** Opening PROVIDED RECORDS block **

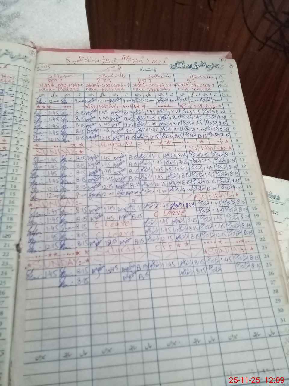 | CNIC | Full Name | Designation | R/C | Absence During Last Calender Month |
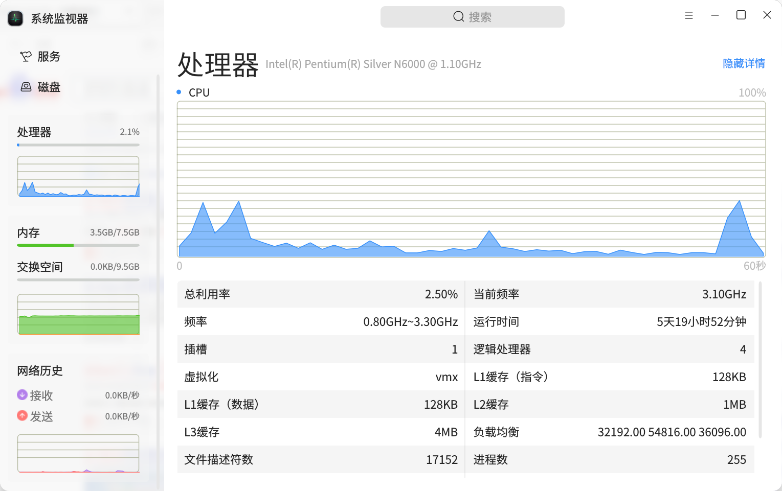 新增处理器详情页展示处理器总利用率、当前频率、频率、插槽、逻辑处理器、虚拟化、L1缓存(指令)、L1缓存(数据)、L2缓存、L3缓存、负载均衡、文件描述符数、进程数、线程数、计算机名等信息。
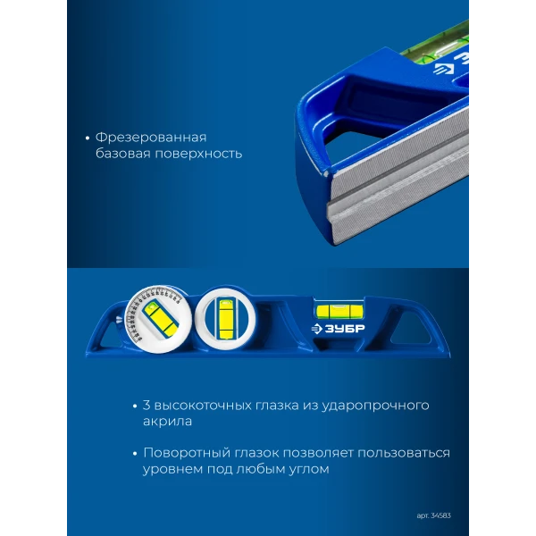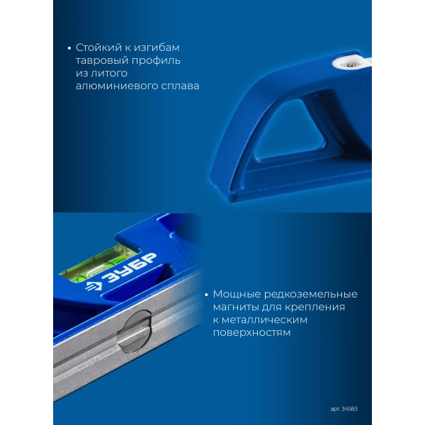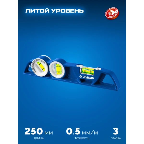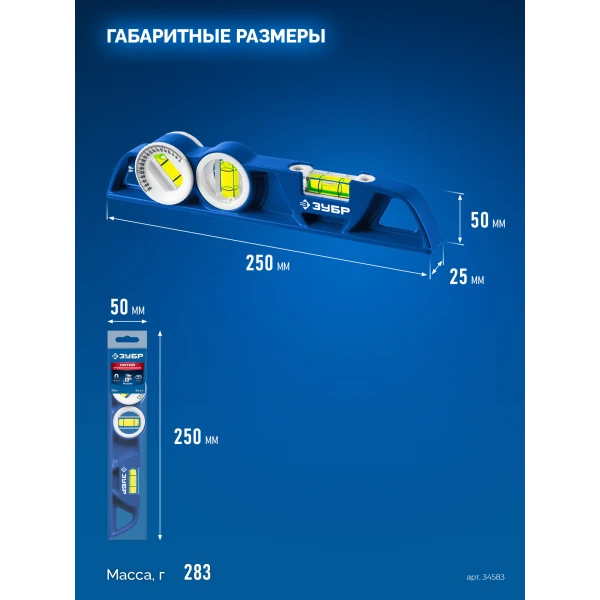 ЗУБР ЛИТОЙ 250 мм, магнитный уровень (34583)
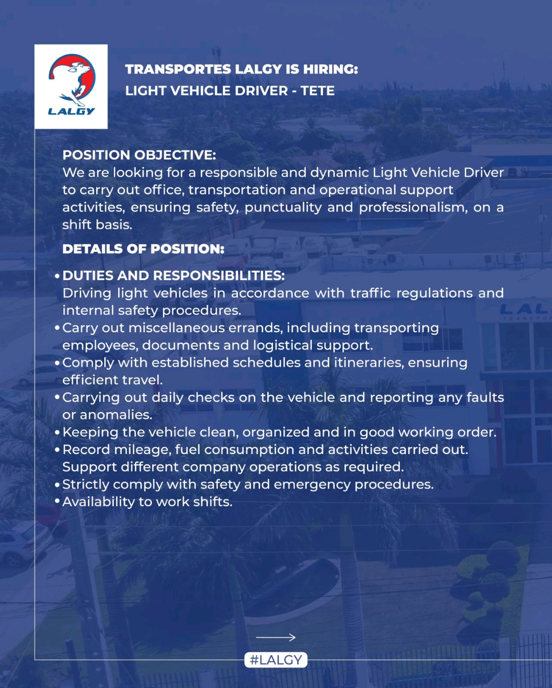 A Transportes Lalgy, está a procura de um(a) MOTORISTA DE VIATURA LIGEIRA, para a delegação de Tete, para se juntar à sua equipa e ajudar a alcançar a visão e missão.
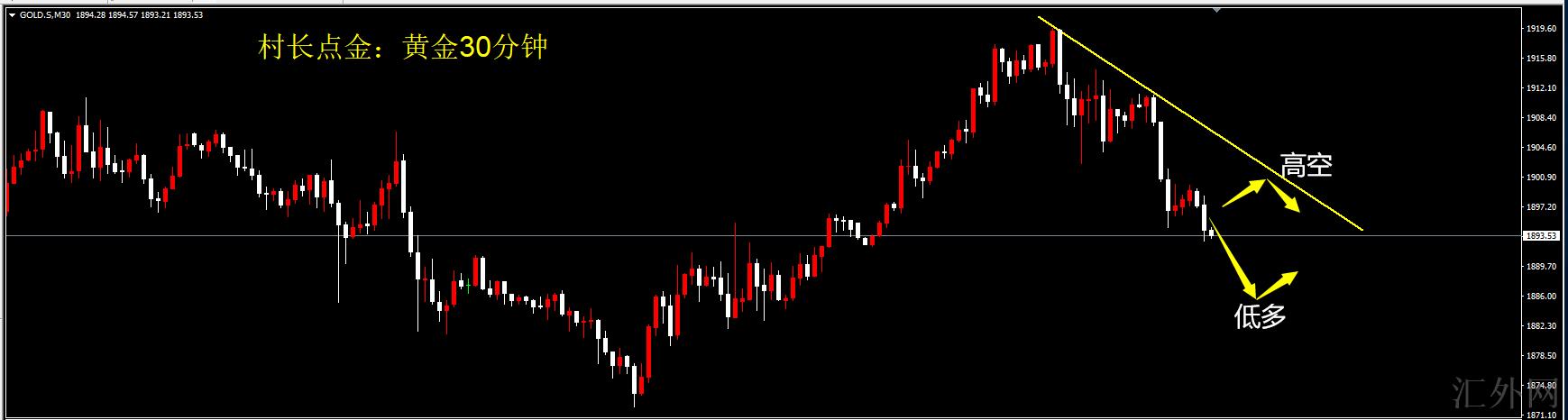 上星期五的行情,村长先是看1918一线回调,空单回调到1907一线全部出局,随后挂了1904多单,本来以为到不了1904,挂了单后面就休息了,没想到挂完一个小时后面,1904多单就进场迅速止盈,后面行情就在1904-1914之间震荡,于后半夜一次杀跌,跌穿1900,诚然这个杀跌时间就很晚了,差不多睡觉了。诚然,这段杀跌依我看来,不是星期五后半夜,还将在今日跌。

** Closing PROVIDED RECORDS block **

- _PROBLEM DESCRIPTION_
Nothing but the records themselves, exact and complete, should be returned; leave the pictures out.

- _SOLUTION TO THIS TASK_
 | CNIC | Full Name | Designation | R/C | Absence During Last Calender Month |
 新增处理器详情页展示处理器总利用率、当前频率、频率、插槽、逻辑处理器、虚拟化、L1缓存(指令)、L1缓存(数据)、L2缓存、L3缓存、负载均衡、文件描述符数、进程数、线程数、计算机名等信息。
 ЗУБР ЛИТОЙ 250 мм, магнитный уровень (34583)
 A Transportes Lalgy, está a procura de um(a) MOTORISTA DE VIATURA LIGEIRA, para a delegação de Tete, para se juntar à sua equipa e ajudar a alcançar a visão e missão.
 上星期五的行情,村长先是看1918一线回调,空单回调到1907一线全部出局,随后挂了1904多单,本来以为到不了1904,挂了单后面就休息了,没想到挂完一个小时后面,1904多单就进场迅速止盈,后面行情就在1904-1914之间震荡,于后半夜一次杀跌,跌穿1900,诚然这个杀跌时间就很晚了,差不多睡觉了。诚然,这段杀跌依我看来,不是星期五后半夜,还将在今日跌。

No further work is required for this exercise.